British Aggregates Association

contre

Commission des Communautés européennes

«Pourvoi — Aide d'État — Taxe environnementale sur les granulats au Royaume-Uni»

Conclusions de l'avocat général M. P. Mengozzi, présentées le 17 juillet 2008   I - 10521

Arrêt de la Cour (troisième chambre) du 22 décembre 2008   I - 10555

Sommaire de l'arrêt

  1. Recours en annulation – Personnes physiques ou morales – Actes les concernant directement et individuellement

    (Art. 88, § 2 et 3, CE et 230, al. 4, CE)

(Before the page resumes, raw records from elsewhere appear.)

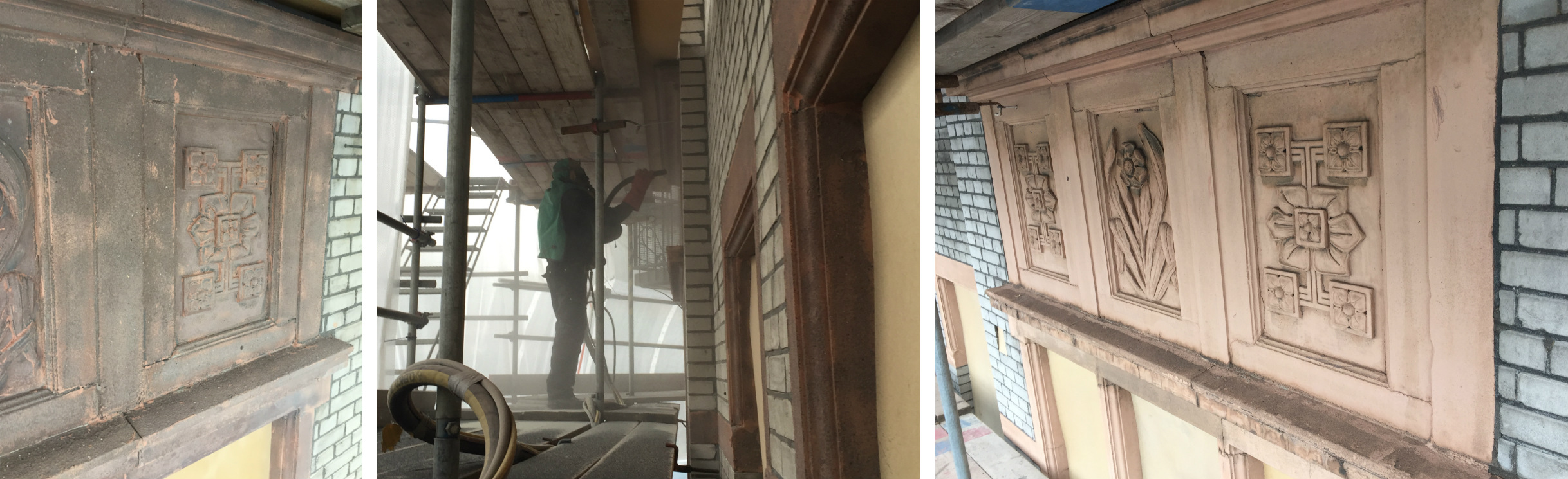 I entreprenaden skulle betongdetaljer i fasaden blästras varsamt. Resultatet blev bra.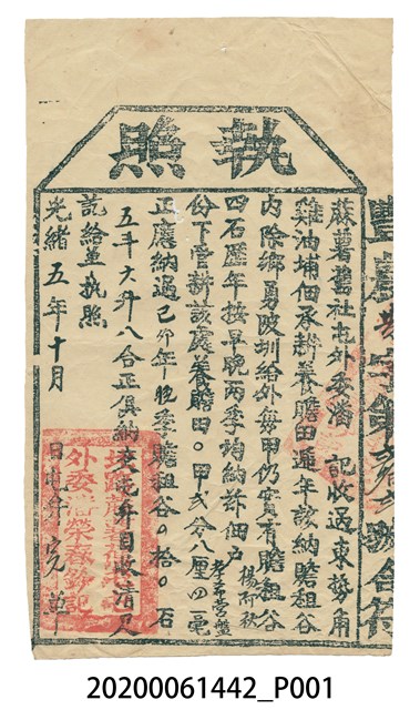 麻薯舊社屯外委潘記收過東勢角雞油埔佃承耕,加蓋"北路麻薯舊社屯外委之潘榮春金今記"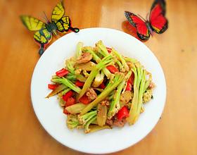 把刚才的五花肉片倒入花菜中一起翻炒

  2. Recours en annulation – Personnes physiques ou morales – Actes les concernant directement et individuellement

    (Art. 88, CE et 230, al. 4, CE)

  3. Aides accordées par les États – Notion – Caractère sélectif de la mesure – Écotaxe grevant la commercialisation des granulats

    (Art. 87, § 1, CE)

  4. Aides accordées par les États – Notion – Caractère juridique – Interprétation sur la base d'éléments objectifs – Contrôle juridictionnel

    (Art. 87, § 1, CE)

  5. Pourvoi – Moyens – Simple répétition des moyens et arguments présentés devant le Tribunal – Irrecevabilité – Contestation de l'interprétation ou de l'application du droit communautaire faite par le Tribunal – Recevabilité

    [Art. 225 CE; statut de la Cour de justice, art. 58, al. 1; règlement de procédure de la Cour, art. 112, § 1, c)]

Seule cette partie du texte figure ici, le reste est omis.